Records drawn from a dataset:
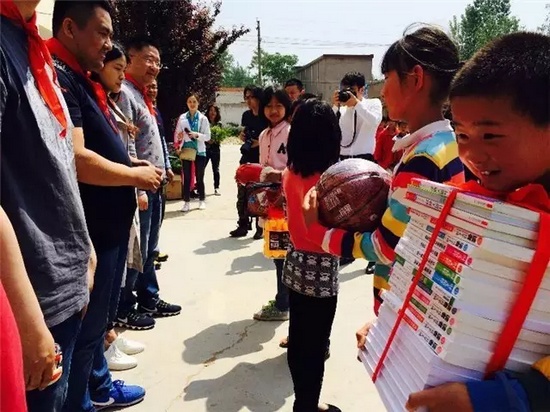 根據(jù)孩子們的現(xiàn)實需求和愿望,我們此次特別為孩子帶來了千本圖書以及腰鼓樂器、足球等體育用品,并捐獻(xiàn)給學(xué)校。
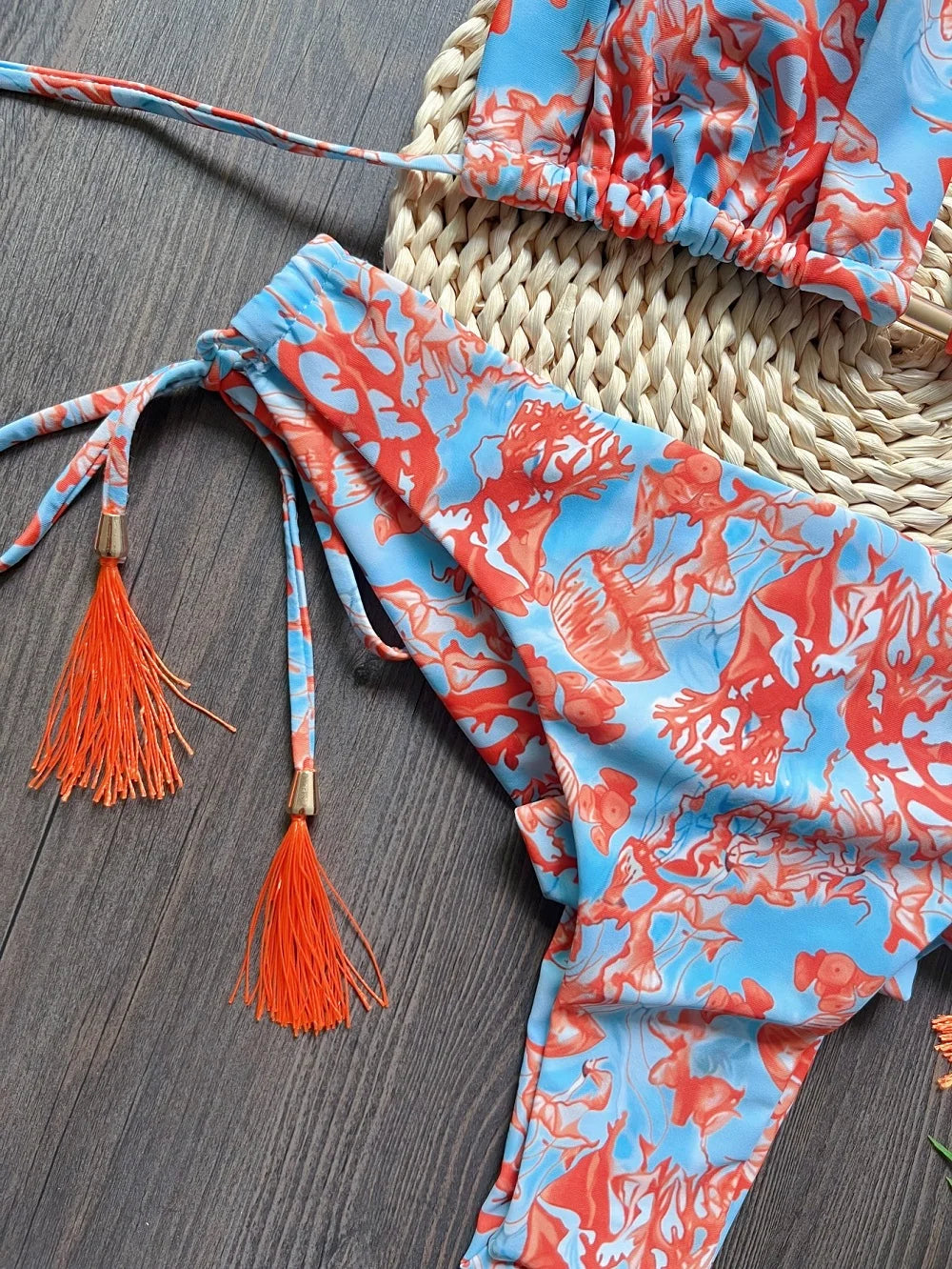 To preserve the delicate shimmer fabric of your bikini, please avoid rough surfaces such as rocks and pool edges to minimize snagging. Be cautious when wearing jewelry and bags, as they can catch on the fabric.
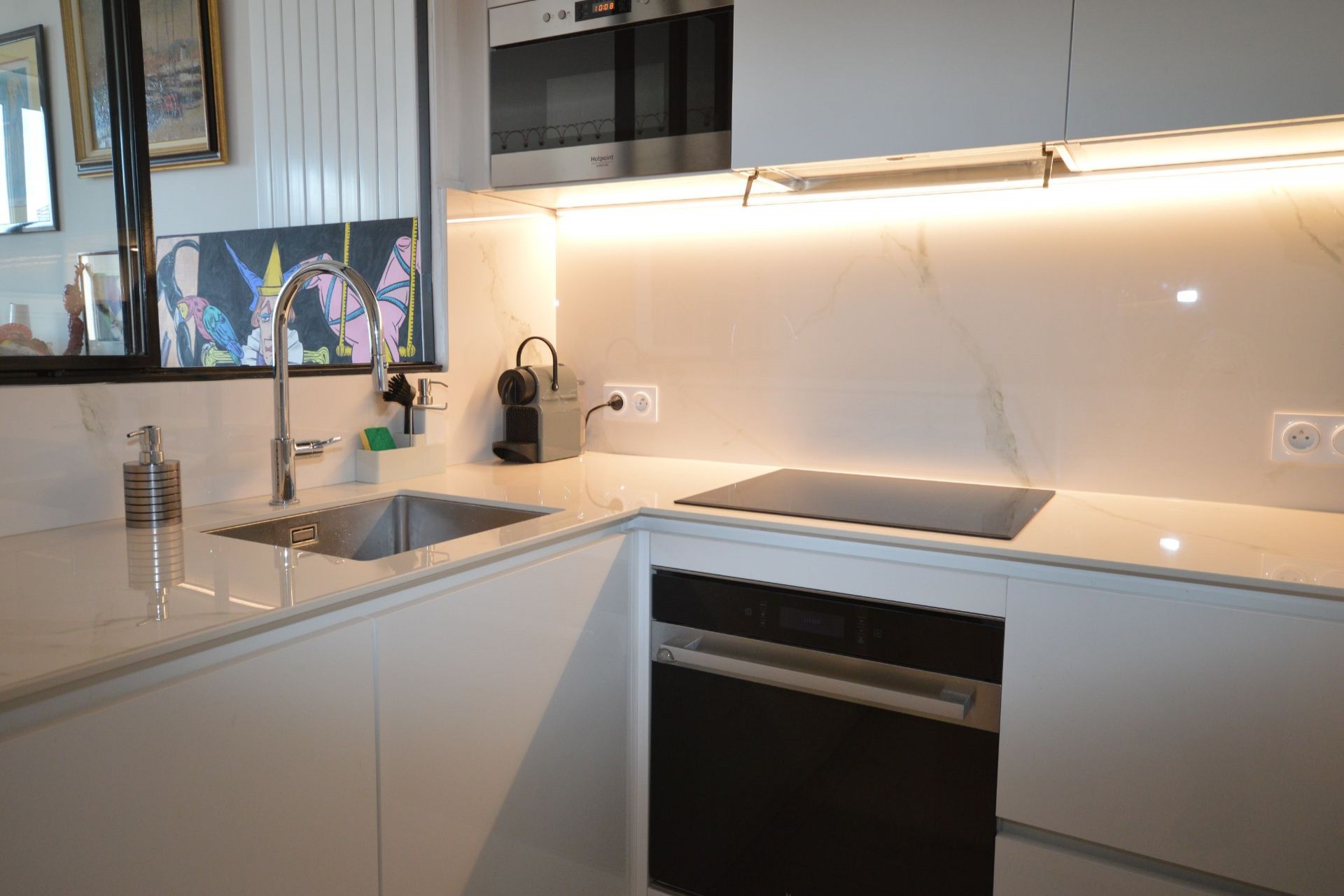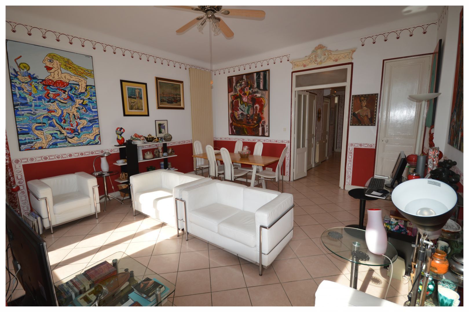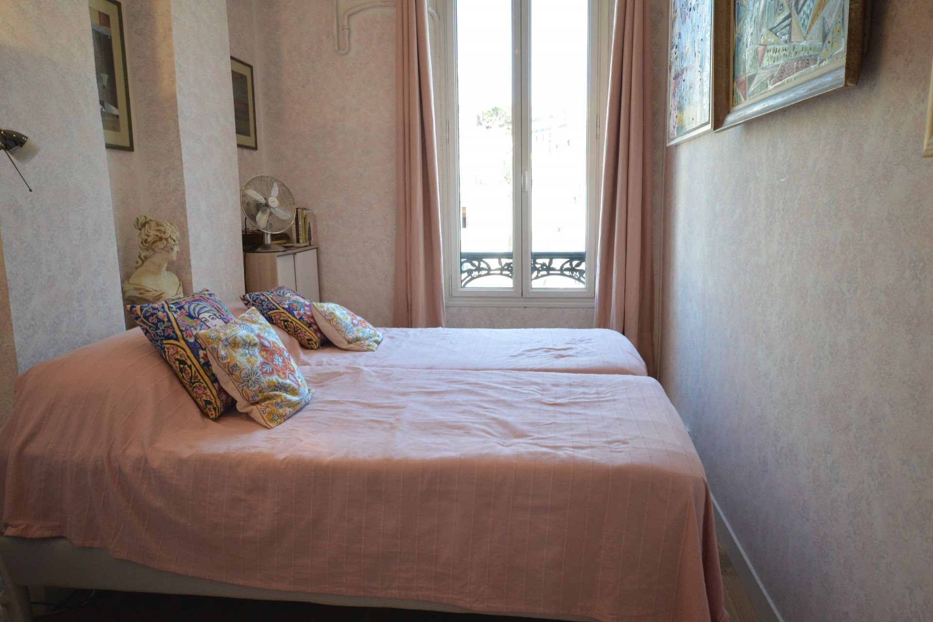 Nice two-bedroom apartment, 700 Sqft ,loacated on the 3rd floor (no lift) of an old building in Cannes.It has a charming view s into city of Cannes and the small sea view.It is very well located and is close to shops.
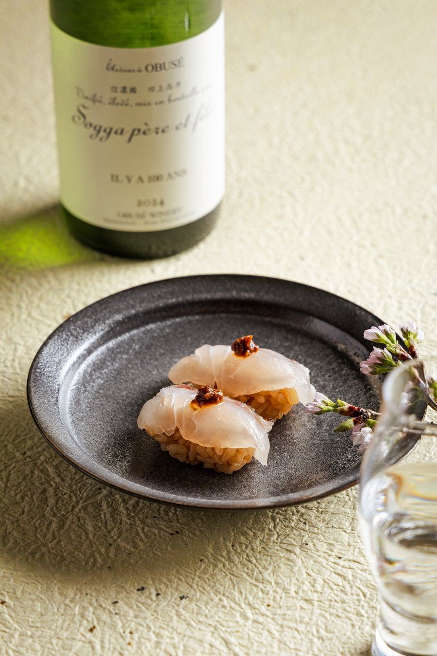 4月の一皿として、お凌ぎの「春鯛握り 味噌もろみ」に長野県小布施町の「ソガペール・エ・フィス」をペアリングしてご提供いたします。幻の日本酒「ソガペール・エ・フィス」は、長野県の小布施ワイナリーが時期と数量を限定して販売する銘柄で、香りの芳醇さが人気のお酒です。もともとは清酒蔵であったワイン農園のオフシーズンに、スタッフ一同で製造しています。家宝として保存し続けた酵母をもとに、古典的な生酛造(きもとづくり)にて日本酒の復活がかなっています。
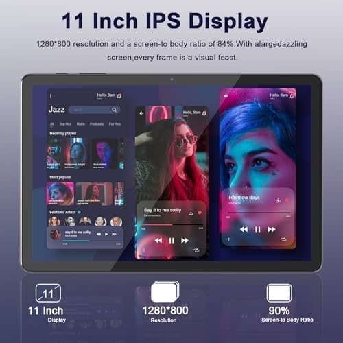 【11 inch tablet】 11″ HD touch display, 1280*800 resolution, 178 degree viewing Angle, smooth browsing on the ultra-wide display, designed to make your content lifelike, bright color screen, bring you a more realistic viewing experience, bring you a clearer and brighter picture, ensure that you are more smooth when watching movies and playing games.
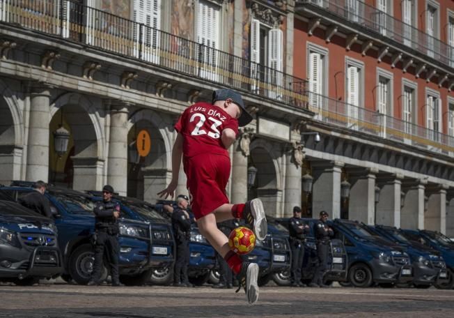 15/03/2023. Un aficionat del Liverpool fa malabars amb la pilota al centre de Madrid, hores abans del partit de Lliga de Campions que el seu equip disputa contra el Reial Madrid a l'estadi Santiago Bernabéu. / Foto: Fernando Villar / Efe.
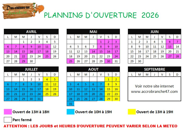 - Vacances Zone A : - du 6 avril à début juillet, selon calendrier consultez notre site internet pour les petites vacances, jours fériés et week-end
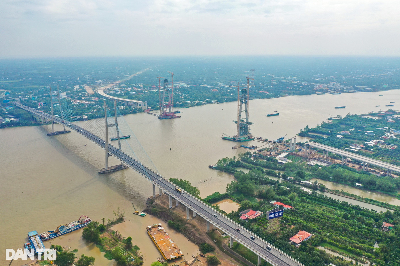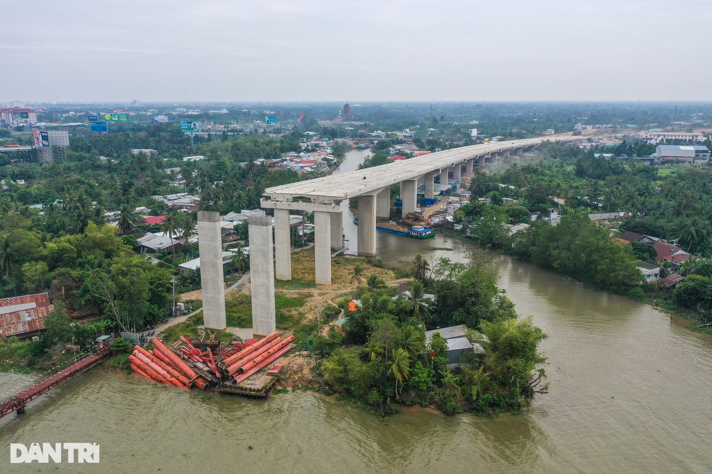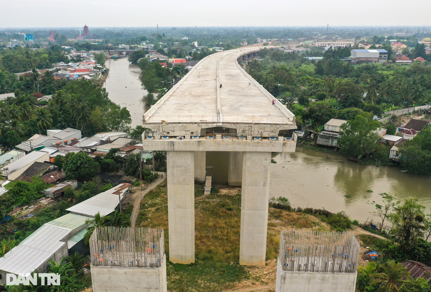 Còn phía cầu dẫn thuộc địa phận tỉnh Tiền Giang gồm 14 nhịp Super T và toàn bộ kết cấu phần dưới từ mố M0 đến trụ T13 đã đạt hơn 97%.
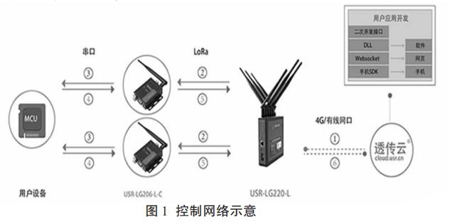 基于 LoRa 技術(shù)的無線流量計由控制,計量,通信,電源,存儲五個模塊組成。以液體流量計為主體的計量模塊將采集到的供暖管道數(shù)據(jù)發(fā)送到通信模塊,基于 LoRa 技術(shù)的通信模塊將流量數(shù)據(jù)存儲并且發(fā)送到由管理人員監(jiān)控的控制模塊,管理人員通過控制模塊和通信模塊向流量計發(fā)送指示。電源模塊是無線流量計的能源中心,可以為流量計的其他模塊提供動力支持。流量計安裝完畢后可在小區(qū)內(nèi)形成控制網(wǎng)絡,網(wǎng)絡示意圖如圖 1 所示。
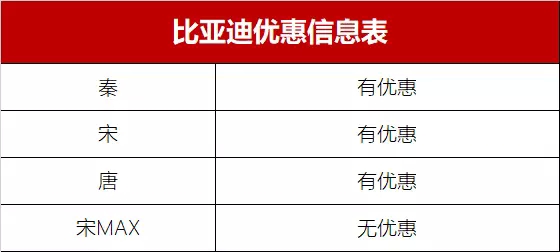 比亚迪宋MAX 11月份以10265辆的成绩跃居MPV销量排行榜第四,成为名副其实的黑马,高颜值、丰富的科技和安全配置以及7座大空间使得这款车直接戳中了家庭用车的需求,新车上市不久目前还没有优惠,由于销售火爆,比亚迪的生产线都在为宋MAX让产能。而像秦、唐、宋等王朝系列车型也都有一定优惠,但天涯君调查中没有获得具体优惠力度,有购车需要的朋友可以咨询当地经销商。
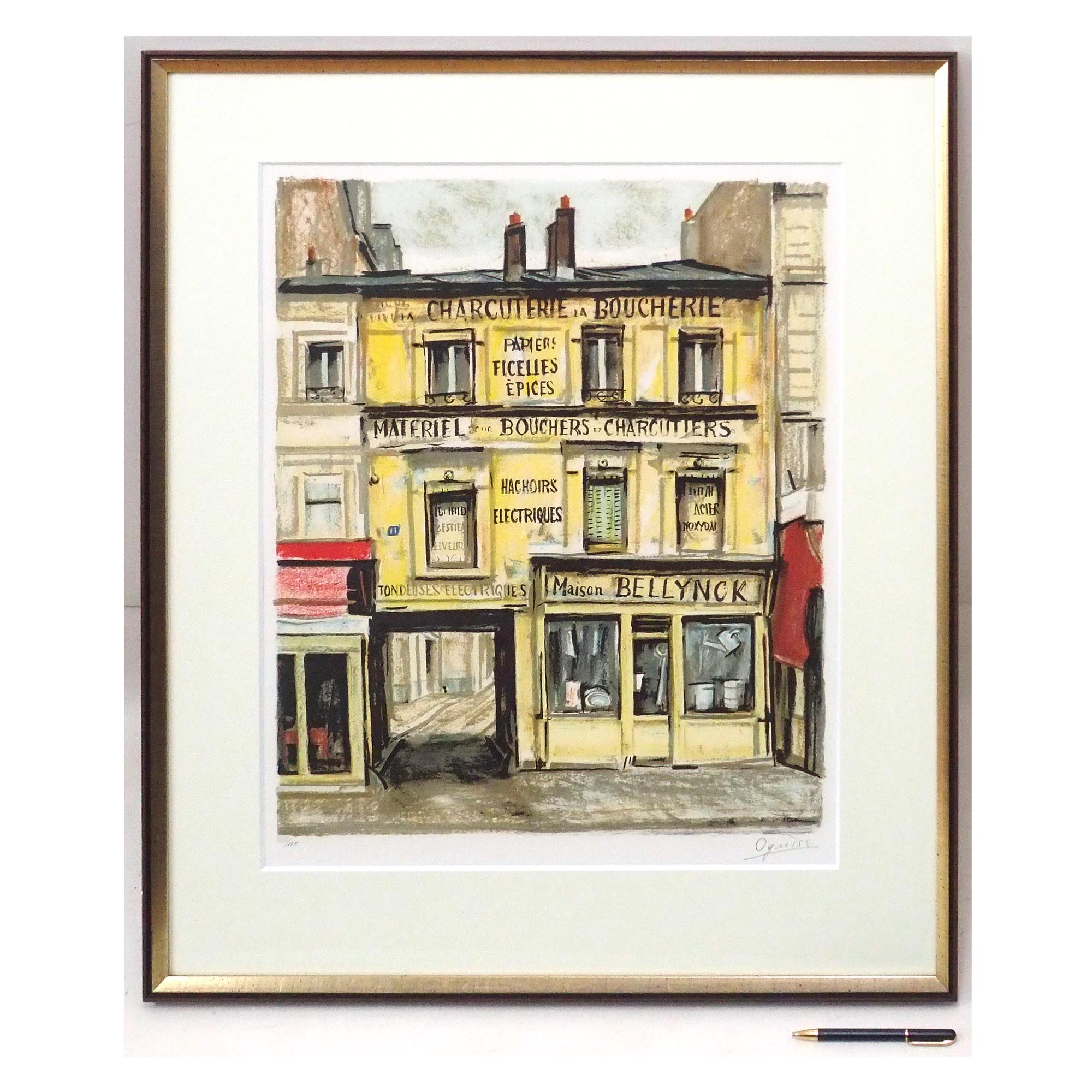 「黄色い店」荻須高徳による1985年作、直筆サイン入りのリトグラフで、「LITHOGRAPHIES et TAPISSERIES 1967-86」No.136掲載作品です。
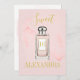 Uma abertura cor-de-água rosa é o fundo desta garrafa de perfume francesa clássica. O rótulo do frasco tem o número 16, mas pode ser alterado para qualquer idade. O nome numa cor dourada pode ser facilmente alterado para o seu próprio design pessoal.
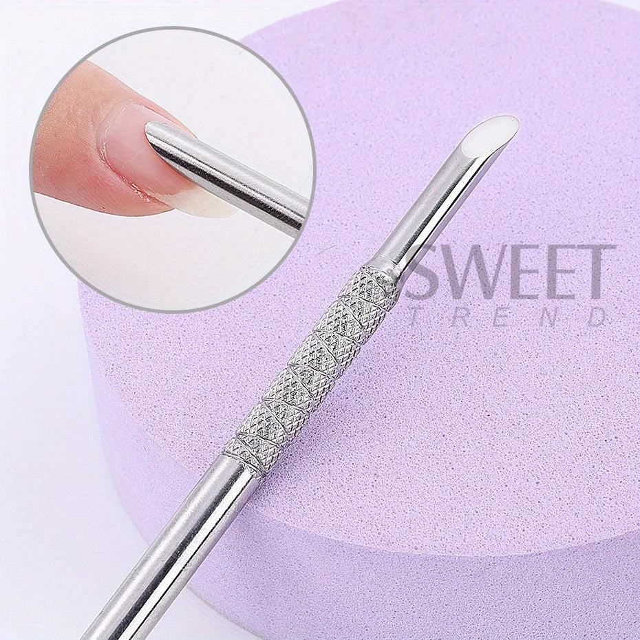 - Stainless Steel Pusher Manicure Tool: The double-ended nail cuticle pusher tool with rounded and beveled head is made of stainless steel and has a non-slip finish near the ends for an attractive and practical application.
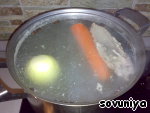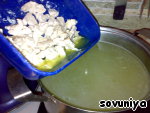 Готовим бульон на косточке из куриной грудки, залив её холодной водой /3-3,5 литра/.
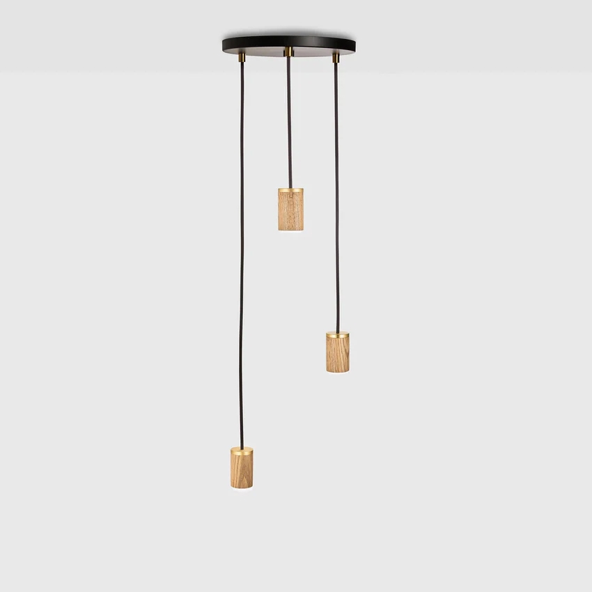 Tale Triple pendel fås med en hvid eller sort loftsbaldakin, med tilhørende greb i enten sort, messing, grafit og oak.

> [The task] Starting at the first line of the data, set down each line exactly until you have copied the line with "Nice two-bedroom apartment, 700", but leave the pictures out.

> [Output of the exercise]
 根據(jù)孩子們的現(xiàn)實需求和愿望,我們此次特別為孩子帶來了千本圖書以及腰鼓樂器、足球等體育用品,并捐獻(xiàn)給學(xué)校。
 To preserve the delicate shimmer fabric of your bikini, please avoid rough surfaces such as rocks and pool edges to minimize snagging. Be cautious when wearing jewelry and bags, as they can catch on the fabric.
 Nice two-bedroom apartment, 700 Sqft ,loacated on the 3rd floor (no lift) of an old building in Cannes.It has a charming view s into city of Cannes and the small sea view.It is very well located and is close to shops.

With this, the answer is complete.